BRIEF DESCRIPTION OF THE DRAWINGS
[0036] FIG. 1 is a block diagram showing a configuration of a
protocol testing system according to an embodiment of the present
invention;
[0037] FIG. 2 is a block diagram showing a configuration of a
testing control apparatus of the above described protocol testing
system;
[0038] FIG. 3 is a block diagram showing a configuration of a
traffic generation apparatus of the above described protocol
testing system;
[0039] FIG. 4 is a flow chart illustrating a testing operation to
reproduce problems of a TCP/IP protocol using the above described
protocol testing system;
[0040] FIG. 5 is a client apparatus--server apparatus system using
a general TPC/IP application; and
[0041] FIG. 6 is a block diagram showing a configuration of a
conventional protocol testing system.
DETAILED DESCRIPTION OF THE PREFERRED EMBODIMENTS
[0042] With reference now to the attached drawings, an embodiment
of the present invention will be explained below.
[0043] (Embodiment)
[0044] FIG. 1 is a block diagram showing a configuration of a
protocol testing system according to an embodiment of the present
invention.
[0045] A protocol testing system 30 shown in this FIG. 1 comprises
a testing apparatus 33 provided with a control section 31a and a
traffic generation apparatus 32, a communication network emulator
apparatus 37 provided with a control section 31b and a network
emulator apparatus 36, a computer system 43 provided with a testing
server apparatus 41 having a TCP/IP stack 40 and a control section
31c, wherein the traffic generation apparatus 32 is connected to
the testing server apparatus 41 through the network emulator
apparatus 36 and the testing control apparatus 44 is connected to
the respective control sections 31a, 31b and 31c.

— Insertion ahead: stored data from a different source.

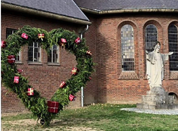
H. Hartbeeld kerk Baexem met hart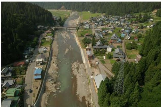
西天田地区護岸災害復旧工事 足羽川

河川の水量確保や水害防止などを目的とした河川護岸工事は、さまざまな建設技術が必要とされる難易度の高い土木工事です。当社は、地盤改良技術や斜面安定技術、治水・利水技術、特殊杭打功法などの諸技術において、数々のダム建設で蓄積したノウハウを駆使し、質の高い工事を実施しています。また徹底した工事管理による合理化で安全性の高い作業体制も特色のひとつ。独自の技術と作業システムで、河川環境の整備を着実に進めています。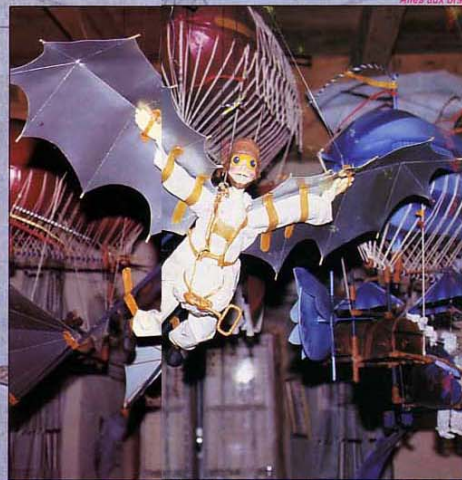
Alles aux bras

Proportions Harmoniques entre l'homme de la même proportion et la forme de l'arc.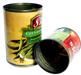
LON KIM LOẠI (KHÔNG CÓ NẮP RỜI)

KHÔNG KIẾNG CÁC MÓN ĐỒ ĐÓNG GÓI CÁC TÚI NHỰA MÚT/XỐP BỌC NHỰA RÁC THẢI TỬ THỰC PHẨM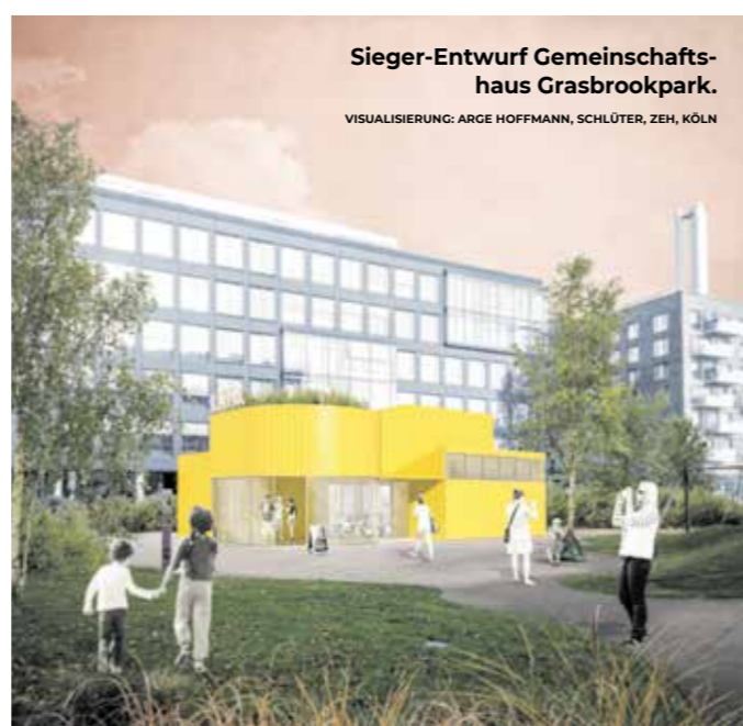
Sieger-Entwurf Gemeinschaftshaus Grasbrookpark.

Die Gemeinschaftshäuser sind seit Beginn der Außenraumplanung Teil der Parkkonzepte. Die Häuser erweitern die Nutzungsmöglichkeiten der Parks in der Hafencity enorm. Nur ganz wenige Parks bieten eine so enge Verknüpfung der Wohnerschaft mit den jewei-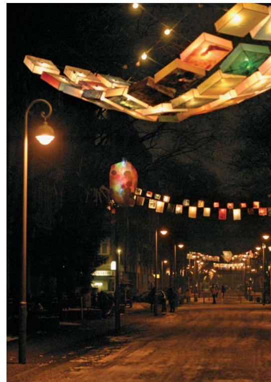
Wenn es Nacht wird in der Steinmetzstraße: Die Lichter-Galerie zum Jahreswechsel 2007/2008.

„Vor 10 Jahren haben die Menschen nur nebeneinanderher gelebt. Jetzt ist viel mehr Miteinander – das ist eine echte Veränderung durch die vielen Projekte, die Menschen zusammenbringen. Ich nenne meine Kinder auch die ‚QM-Kinder‘ – es sind sehr fröhliche Kinder, man redet nicht mehr über Gewalt, sondern nur noch, was die Kinder noch alles machen können.“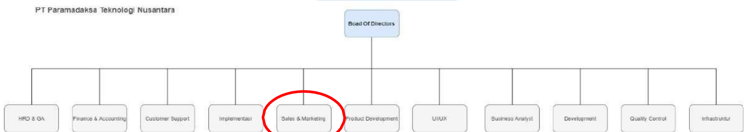
Gambar 2.1 Bagan Struktur Organisasi PT Paramadaksa Teknologi Nusantara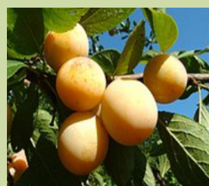
Vendredi 8 Novembre Les aînés sont attendus pour un repas local et de saison.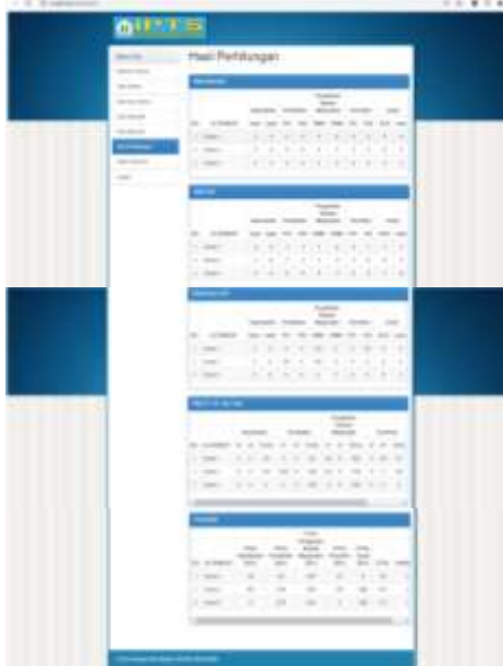
Gambar 3.7 Halaman Hasil Perhitungan

Pada halaman ini akan menampilkan hasil dari perhitungan menggunakan metode profile matching serta menampilkan hasil akhir berupa perankingan dari pengujianya.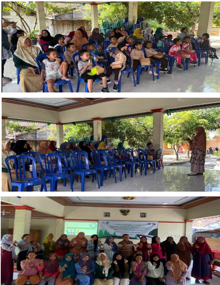
Gambar 1. Pelaksanaan Psikoedukasi Family Therapy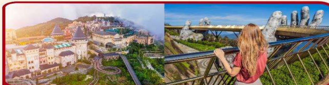
เที่ยวบานาฮิลล์เต็มวัน แบบจุใจ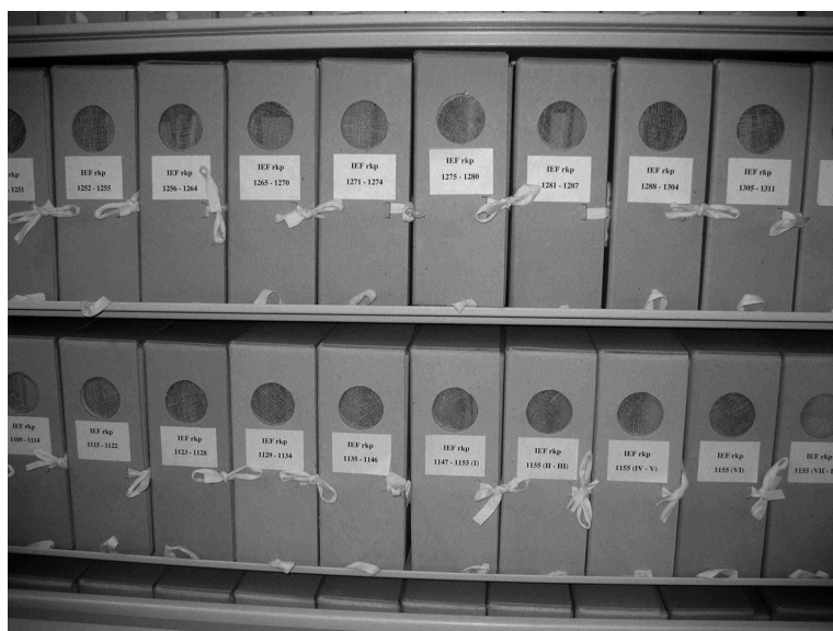
Slika 1: Rukopisni fond IEF-a

Institut za etnologiju i folkloristiku iz Zagreba ustanova je koja u svom Odjelu dokumentacije ima pohranjen respektabilan korpus građe etnografske i folklorne tematike prikupljene, među ostalim, i na području Istre, a koji se kao takav našao u središtu interesa CENKI-ja. Radi se ponajprije o onoj građi koju su prikupili djelatnici Instituta u okviru svog redovnog znanstvenoistraživačkog rada, ali i o građi koju su Institutu donirali vanjski suradnici i istraživači amateri te onoj koja je nabavljena kroz sustav razmjene s drugim srodnim znanstvenim i kulturnim ustanovama, poput Etnografskog muzeja u Zagrebu i Etnološkog odjela Hrvatske akademije znanosti i umjetnosti.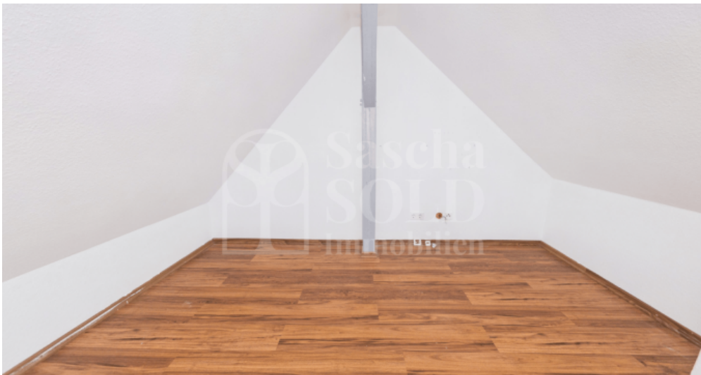
Zimmer im Dachspitz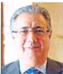
JUAN IGNACIO ZOIDO MINISTRO DEL INTERIOR «Mi mayor logro al frente de Interior sería no tener que comparecer nunca ante los medios para informar de un atentado»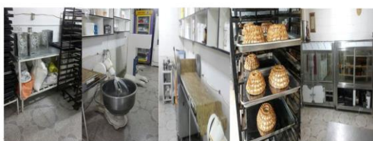
شکل ۱- فرآیند تولید محصولات قنادی الف: مواد اولیه ب: دستگاه مخلوط کن ج: دستگاه پهن کن د و ه: آماده سازی جهت عرضه به بازار

در مطالعه حاضر ابتدا با مشاهده پرونده پزشکی و انجام مصاحبه، کارگران از وجود هر نوع بیماری و مصرف دارو پایش شدند و چنانچه دارای بیماری‌هایی از قبیل: عفونت یا تب، مشکلات ریوی، کلیوی، قلبی - عروقی، پرکاری غده تیروئید، دیابت، اسهال یا استفراغ، سابقه ابتلا به بیماری‌ها و اختلالات ناشی از مواجهه با گرما و همچنین مصرف داروهایی از قبیل: بتابلوکرها، فنوتیازین، دیورتیک، آنتی کوسینرژیک، آنتی اسپاسمودیک، سایکوتروپیک، آنتی هیستامین‌ها، ضد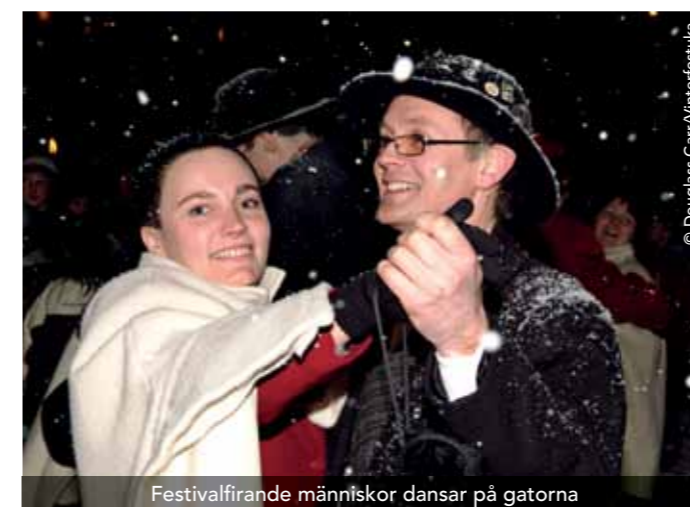
Festivalfirande människor dansar på gatorna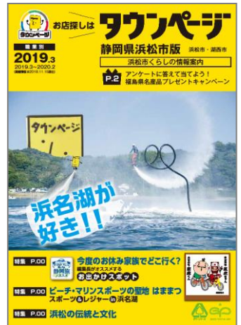
静岡県浜松市版タウンページ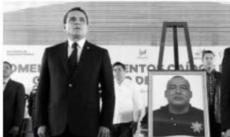
MORELIA, MICH.- Juntos, con toda la fuerza y sin reparto de culpabilidades, expresó el Gobernador de Michoacán, Silvano Aureoles Conejo.

"Tengan la seguridad de que personalmente me voy a ocupar para que ustedes puedan tener lo necesario, para que, sin olvidar el sacrificio de sus seres queridos, puedan salir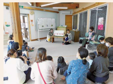
▲おはなし会を20年間続けてくださった奥井先生、ありがとうございました！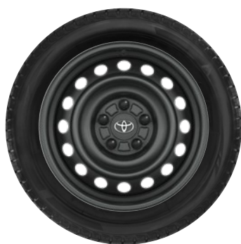
16" felgi stalowe, opony Dunlop Winter Sport 5 CENA BRUTTO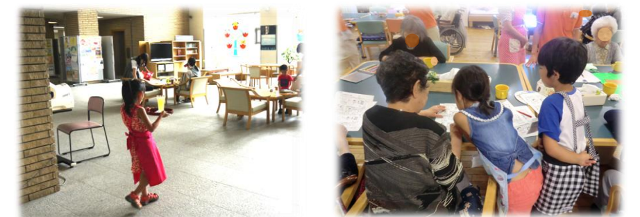
左)注文されたジュースをこぼさないように一生懸命に運んでいます。右)ティサービス利用者さんとお話を楽しんでいる子どもたちです。

夏休み期間中に、市内の小学生がボランティア体験をしました。りんくる来館者やティサービス利用者みなさまに、小さなボランティアの姿をみて優しく声をかけていただいたり、にこやかにしていただけて、参加してくれた子どもたちはとても喜んでいました。ボランティアの経験がこれからの生活に役立ってくれるとうれしいです。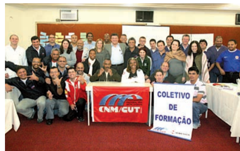
Agora, formadores irão atuar em seus sindicatos

A Confederação Nacional dos Metalúrgicos (CNM) da CUT concluiu, na semana passada, em São Bernardo, seu curso de Formação de Formadores. Passaram pelas aulas 20 dirigentes de todo o País, que agora vão implantar ou incrementar cursos de formação em suas bases.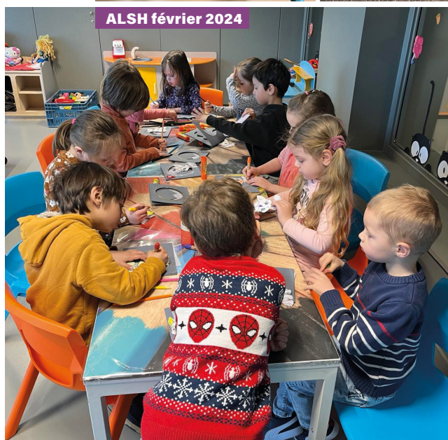
ALSH février 2024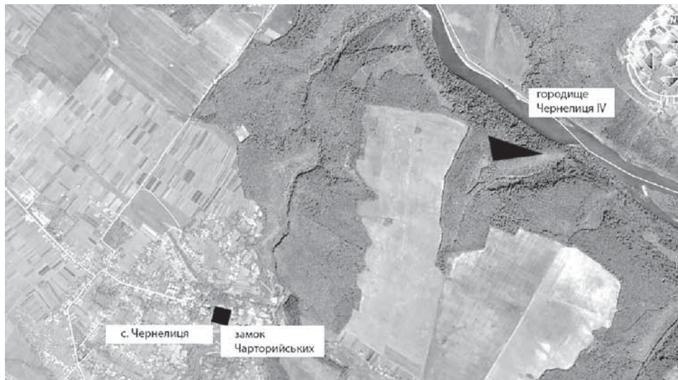
Городище Чернелиця IV. Ситуаційна схема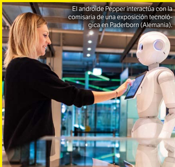
El androide Pepper interactúa con la comisaria de una exposición tecnológica en Paderborn (Alemania).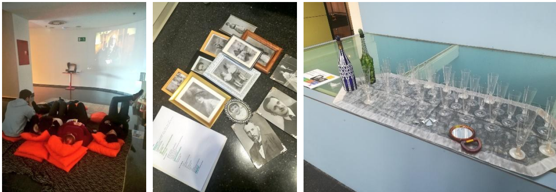
Fig. 2 Fotografies de l'experiència al voltant de Mirall Trencat a la Biblioteca Elisenda de Montcada i Reixac.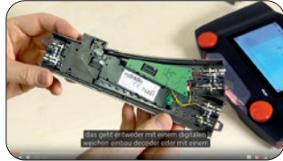
Märklin Anleitung – Weichen digital schalten mit der CS3

Unter https://www.maerklin.de/de/service/kundenservice/erklavideos/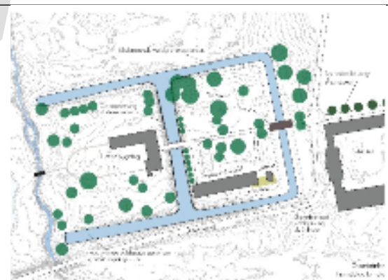
Aastrup Kloster i fremtiden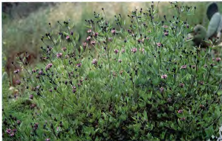
TEDERA (TEERA) PSORALEA BITUMINOSA L.

[0046] The respective control sections 31a, 31b and 31c are
provided with interface functions of the traffic generation
apparatus 32, network emulator apparatus 36 and testing server
apparatus 41 under the control of the testing control apparatus
44.
[0047] The testing apparatus 33 has the function of
transmitting/receiving the setting information 45a, control
information 47a and state information 49a to/from the testing
control apparatus 44 through the control section 31a and operating
the traffic generation apparatus 32.
[0048] The communication network emulator apparatus 37 has the
function of transmitting/receiving setting information 45b, control
information 47b and state information 49b to/from the testing
control apparatus 44 through the control section 31b and operating
the network emulator apparatus 36.
[0049] The computer system 43 has the function of
transmitting/receiving setting information 45c, control information
47c and state information 49c to/from the testing control apparatus
44 through the control section 31c and controlling the testing
server apparatus 41.
[0050] The testing control apparatus 44 controls the traffic
generation apparatus 32, network emulator apparatus 36 and testing
server apparatus 41 through the control sections 31a, 31b and 31c
and automatically executes testing to reproduce problems of the
TCP/IP protocol. The testing control apparatus 44 further sends the
setting information 45a, 45b, 45c and control information 47a, 47b
and 47c to the apparatuses 32, 36 and 41 and receives the state
information 49a, 49b and 49c from the apparatuses 32, 36 and 41 as
response to this. Then, the testing control apparatus 44 controls
the auto testing process based on the state information 49a, 49b
and 49c to reproduce problems of the TCP/IP protocol at the TCP/IP
stack 40 of the testing server apparatus 41 which is to be
tested.
[0051] As shown in FIG. 2, this testing control apparatus 44
comprises a traffic generation apparatus control section 51, a
network emulator apparatus control section 52, a testing server
apparatus control section 53 and a control program section 54 which
manages/controls these control sections 51 to 53. The respective
control sections 51 to 53 are connected to the traffic generation
apparatus 32, network emulator apparatus 36 and testing server
apparatus 41 and contain state databases 51d, 52d and 53d for
storing the state information 49a, 49b and 49c of these apparatuses
32, 36 and 41.
[0052] The control program section 54 keeps track of testing
processes by controlling these state databases 51d to 53d and when
abnormal information is transmitted to the control program section
54 because of abnormal conditions encountered at any one of the
apparatuses 32, 36 and 41, the control program section 54 also has
the emergency stop function of interrupting other apparatuses 32,
36 and 41.
[0053] Furthermore, the testing control apparatus 44 has the
function of making preparations before starting a test. This
function sends information describing TCP parameters which become
the source of header information of traffic data, pattern
information (hereinafter referred to as "traffic generation pattern
information") for generating specific traffic and information for
repeating tests a desired number of times (hereinafter referred to
as "test repetition count") as the setting information 45a from the
traffic generation apparatus control section 51 to the traffic
generation apparatus 32. Furthermore, this function further sends
program setting parameters (communication environment parameters)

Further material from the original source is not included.